**Problem requirements**
Go to the line containing "Furthermore, we aimed" below; retype it and all following lines exactly, and leave out the pictures.

Stored data entries
*-*-*

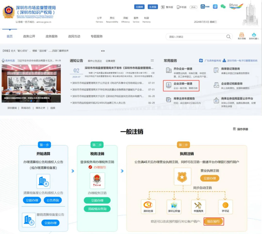 1.登录系统 。① 、登录深圳市市场监督管理局官网 ,点击“企业注销一窗 通 ”;② 、进入“企业注销一窗通平台 ”导航页面 ,找到“预约银行对公账户销 户”入 口 ,点击“现在预约 ”,进入“广东政务服务网 ”的登录页面;③ 、您可选择使用账号、密码登录(无账号的,请先注册账号),或用微信扫描“粤省事 ”小程序码后进行公安部门的人脸识别程序登录 。(注:详细操作步骤请参照第一 节“办理入 口”)
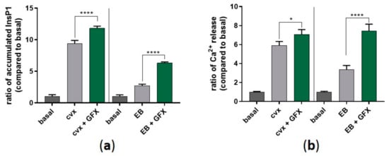 Furthermore, we aimed to measure the activity of PLCγ2 by monitoring intracellular inositol triphosphate (InsP3) production (via inositol monophosphate (InsP1) accumulation) and intracellular Ca2+ mobilization. In the presence of GFX, cvx-and EB-evoked InsP3 production was significantly enhanced compared to the control in the absence of the PKC inhibitor (Figure 9a). Moreover, this InsP3 production, mediated by cvx and EB, led to a significant increase of intracellular Ca2+ mobilization, which was even more pronounced in the presence of GFX (Figure 9b). These data show that Syk hyperphosphorylation is followed by an increase in LAT/PLCγ2 phosphorylation leading to an increase of InsP3 production and subsequent Ca2+ mobilization.
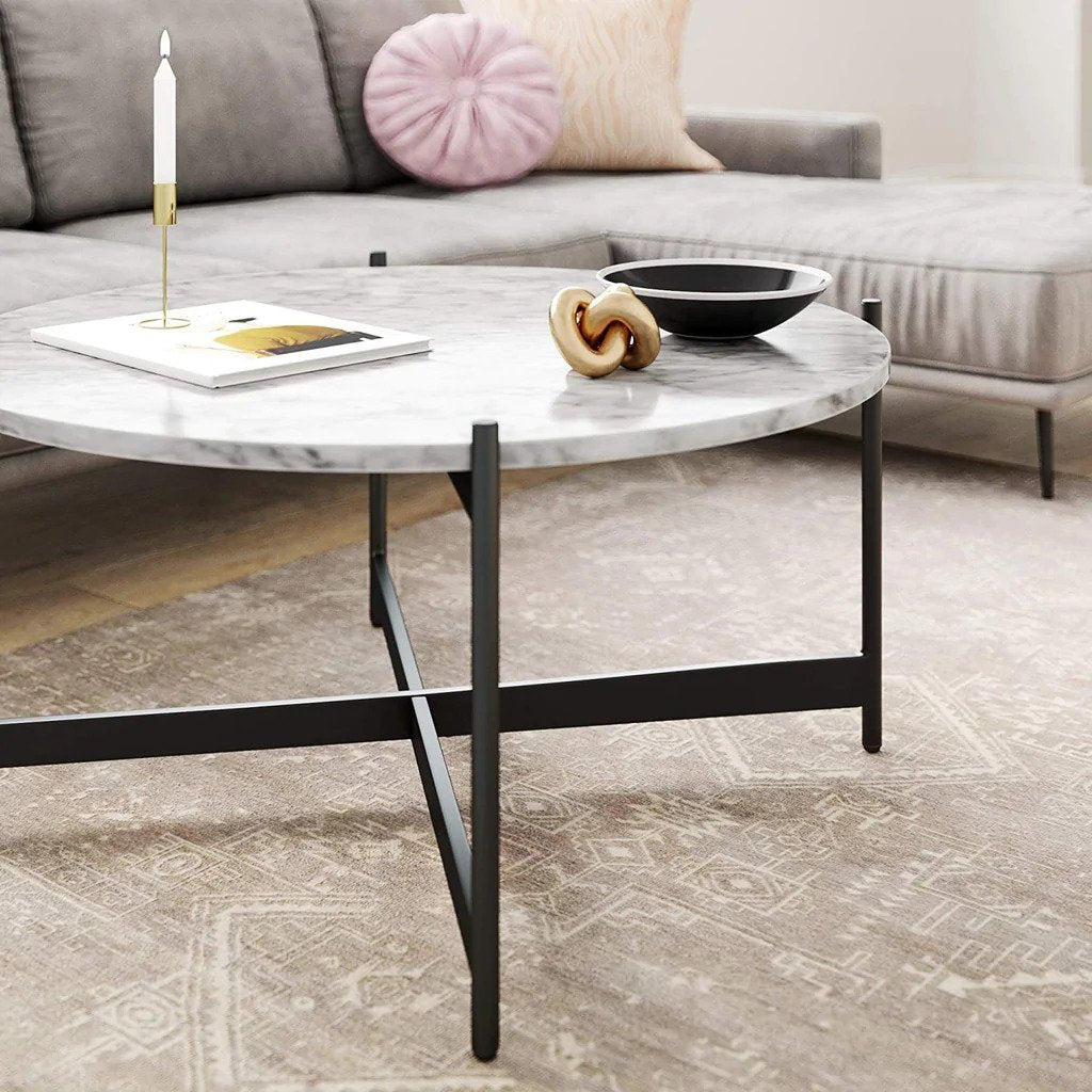 Crafted with meticulous attention to detail, this coffee table features a spacious marble tabletop that provides ample surface area for your drinks, books, and decorative accents. The smooth, polished surface not only exudes elegance but also offers easy cleaning and maintenance.
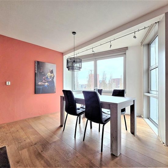 Renting half an apartment with a large bedroom, large window, fully furnished, bed, cupboards, desk, everything available. The residence has a large living room and bathroom. The residence is fully furnished, there is a TV and furniture. In the kitchen, everything for cooking is available, also a coffee machine, plates, glasses, cutlery, ... The living room gets sun all day, large windows. There is a parking space for a car available. Shopping center and park, water/lake are within a 1-minute walking distance. By tram, you are within 5 m...
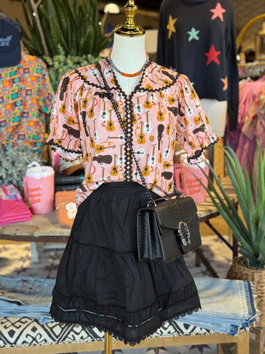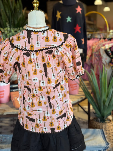 Adorable custom guitar print top. Ric Rack details. Cotton xs 38in M/L 46in
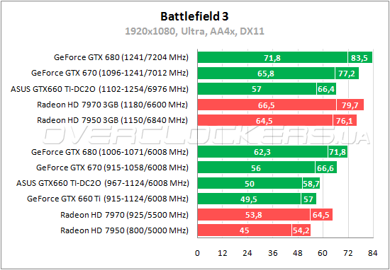 Мизерный отрыв ASUS от простого GTX 660 Ti в Battlefield 3. Radeon HD 7950 на 5–10% слабее младшего GeForce и на 8–11% хуже ASUS. Разгон дает прирост в 13–14%. Форсированный Radeon HD 7950 наверстывает упущенное и обходит ASUS.

*-*-*

**Result of this exercise**
 Furthermore, we aimed to measure the activity of PLCγ2 by monitoring intracellular inositol triphosphate (InsP3) production (via inositol monophosphate (InsP1) accumulation) and intracellular Ca2+ mobilization. In the presence of GFX, cvx-and EB-evoked InsP3 production was significantly enhanced compared to the control in the absence of the PKC inhibitor (Figure 9a). Moreover, this InsP3 production, mediated by cvx and EB, led to a significant increase of intracellular Ca2+ mobilization, which was even more pronounced in the presence of GFX (Figure 9b). These data show that Syk hyperphosphorylation is followed by an increase in LAT/PLCγ2 phosphorylation leading to an increase of InsP3 production and subsequent Ca2+ mobilization.
 Crafted with meticulous attention to detail, this coffee table features a spacious marble tabletop that provides ample surface area for your drinks, books, and decorative accents. The smooth, polished surface not only exudes elegance but also offers easy cleaning and maintenance.
 Renting half an apartment with a large bedroom, large window, fully furnished, bed, cupboards, desk, everything available. The residence has a large living room and bathroom. The residence is fully furnished, there is a TV and furniture. In the kitchen, everything for cooking is available, also a coffee machine, plates, glasses, cutlery, ... The living room gets sun all day, large windows. There is a parking space for a car available. Shopping center and park, water/lake are within a 1-minute walking distance. By tram, you are within 5 m...
 Adorable custom guitar print top. Ric Rack details. Cotton xs 38in M/L 46in
 Мизерный отрыв ASUS от простого GTX 660 Ti в Battlefield 3. Radeon HD 7950 на 5–10% слабее младшего GeForce и на 8–11% хуже ASUS. Разгон дает прирост в 13–14%. Форсированный Radeon HD 7950 наверстывает упущенное и обходит ASUS.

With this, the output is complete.